Marcel Winatschek

Freedom Over Convenience

I was never cool. Not in kindergarten, not in school, not in working life. While everyone around me listened to the latest songs by American hip-hop artists, wore the trendiest Nike Air Max, and took drugs I had never even heard of, I nerded around in my little cosmos, listened to the Chrono Trigger soundtrack on my iPod that was threatening to fall apart, wore Superstars for 15 years straight, and already felt pretty badass if I took a puff from a joint once in a while.

Whenever I wanted to get my hands on music, series, or movies, I was a big fan of torrents. Every month there was an indie rock playlist via download link featuring the most bizarre alternative tracks. I subscribed to anime series via RSS, and movies usually came to me on some shared hard drive on a university server. Life was beautiful. And simple.

When Spotify started getting big, I completely ignored it. I didn’t care. Why should I pay money to rent music that doesn’t even belong to me and that I would never listen to 99 percent of in my life anyway? Spotify was a small, insignificant niche trend that people mocked in forums and that I dismissed with a simple Nope.

While I happily browsed The Pirate Bay for the newest One Piece episodes and celebrated Lykke Li, Bat for Lashes, and Santigold on illegal playlists, the technological climate was changing. More and more of my friends and acquaintances in Berlin suddenly had the dark green Spotify logo on their iPhones and laptops.

Look, I can listen to the new Kanye West album without buying it! Wooooow…, I thought. Welcome to my world from ten years ago! My ignorance turned into mockery. At the time, I had no idea that this Spotify thing would one day lead to a personal crisis in my cozy little nerd world.

While the people around me slowly but surely joined the collective streaming party, I celebrated myself with my beloved MP3 collection, listened my way through albums and singles that some PR agencies sent me for free, and even started buying tracks from artists I really liked on Bandcamp.

My crisis began the day Apple suddenly introduced Apple Music. Before that, iTunes had been a gathering place for personal favorite albums, but now even the computer manufacturer of my choice was celebrating the trend toward streaming. Suddenly streaming was no longer just some parallel world out there—it was invading my personal cosmos.

I might not have been cool, but at least I had always been ahead of the curve technologically. While you were installing Windows XP, I already had my first Mac at home. While you were still jogging with a Discman, I was copying my first 128-kbps MP3s onto my iPod. And while you were drooling in front of NBC’s afternoon programming, I was downloading the latest HBO shows. I wasn’t cool, but I was better.

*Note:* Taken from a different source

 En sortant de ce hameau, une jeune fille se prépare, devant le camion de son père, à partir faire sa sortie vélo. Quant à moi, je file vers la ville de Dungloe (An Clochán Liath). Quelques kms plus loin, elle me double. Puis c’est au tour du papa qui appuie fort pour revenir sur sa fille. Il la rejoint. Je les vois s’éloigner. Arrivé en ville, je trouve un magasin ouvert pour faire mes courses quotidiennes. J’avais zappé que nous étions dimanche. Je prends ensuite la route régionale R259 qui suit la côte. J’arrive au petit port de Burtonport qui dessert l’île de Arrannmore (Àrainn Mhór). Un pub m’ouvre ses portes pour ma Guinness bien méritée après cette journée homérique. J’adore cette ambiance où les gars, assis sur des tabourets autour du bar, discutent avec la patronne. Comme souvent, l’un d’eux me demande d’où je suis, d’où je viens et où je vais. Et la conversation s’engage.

But thanks to Spotify, Netflix, and Apple Music, I suddenly had the feeling that I was no longer technologically up to date. Owning media was no longer contemporary. Piracy was no longer associated with geeky teenagers but with Polish money launderers. Streaming became the norm; everything else suddenly belonged to the past.

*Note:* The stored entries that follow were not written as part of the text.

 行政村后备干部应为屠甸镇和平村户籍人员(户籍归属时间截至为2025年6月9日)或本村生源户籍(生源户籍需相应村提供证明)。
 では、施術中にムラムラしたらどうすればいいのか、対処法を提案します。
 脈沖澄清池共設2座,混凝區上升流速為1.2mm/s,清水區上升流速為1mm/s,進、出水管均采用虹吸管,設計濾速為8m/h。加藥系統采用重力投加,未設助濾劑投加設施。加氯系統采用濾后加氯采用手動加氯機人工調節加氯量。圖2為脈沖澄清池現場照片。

Little by little, more and more high-school dropouts gained access to the internet and continuously demolished it in a way that, in retrospect, I see as an attack on my digital personality. People who had no idea about technology—who used their €800 phones for duckface selfies and Candy Crush—had destroyed my world.

Now technology was no longer made for people who understood it, but for those who were already mentally overwhelmed by a 12-minute YouTube video without a hard cut.

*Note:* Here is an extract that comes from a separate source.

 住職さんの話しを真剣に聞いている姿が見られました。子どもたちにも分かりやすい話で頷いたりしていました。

Why can’t I touch the desktop screen? Why can’t I oppose Facebook’s terms and conditions with a shared image full of spelling mistakes? Why can’t I vote for the AfD without being considered a dim-witted idiot?

People gradually moved voluntarily into closed ecosystems because the open internet overwhelmed them. Who needs websites if you have Facebook? Who needs blogs if you have YouTube? Who needs MP3s if you have Spotify? Digital freedom is simply too exhausting for most people.

At the latest when Apple began marketing the iPad as a Mac replacement, when people considered Dropbox a real backup substitute, and when Netflix series advanced into universal pop-culture goods, I realized that my technological worldview was threatening to become obsolete. Like paper. Or SMS. Or the fax machine.

So I packed all my files onto an external hard drive, reinstalled my operating system, and tried to live a mobile, torrent-free life. I signed up for Spotify, Netflix, and Dropbox. I wanted to be just like the people celebrating Silicon Valley and swallowing everything it throws out into the world without criticism. How hard can it be? I asked myself.

From now on I’ll only watch Game of Thrones, Stranger Things, and whatever sad licensing leftovers remain on German Crunchyroll. After all, VPNs are for criminals and pedophiles. From now on I’ll only listen to Ed Sheeran, Post Malone, and Joe Rogan. Other people manage it too. And from now on torrents, MP3s, and Mega downloads are taboo. Adults who operate digitally don’t need such things.

The resolution lasted one week. Spotify drove me crazy because I couldn’t find half of my favorite artists and songs disappeared from playlists I had added to my library. Just like that. Without explanation. Some albums had only three playable songs. Most of the songs suggested to me were German rap nonsense and Starbucks background elevator music. Wow.

And when I did find a few songs that I convinced myself were modern and cool, I listened to them twice and then switched back to some nerdy radio station on YouTube. So those ten euros a month were already unnecessary. Yes, I have a pretty strange taste in music—and yes, that doesn’t exactly make life easier.

Most of my time on Netflix was spent lethargically clicking through menus for half an hour because I couldn’t decide whether to watch Mean Girls for the twentieth time or maybe Men in Black. Eventually I had to tell myself that I wasn’t allowed to download Made in Abyss, even though half of Reddit was raving about it.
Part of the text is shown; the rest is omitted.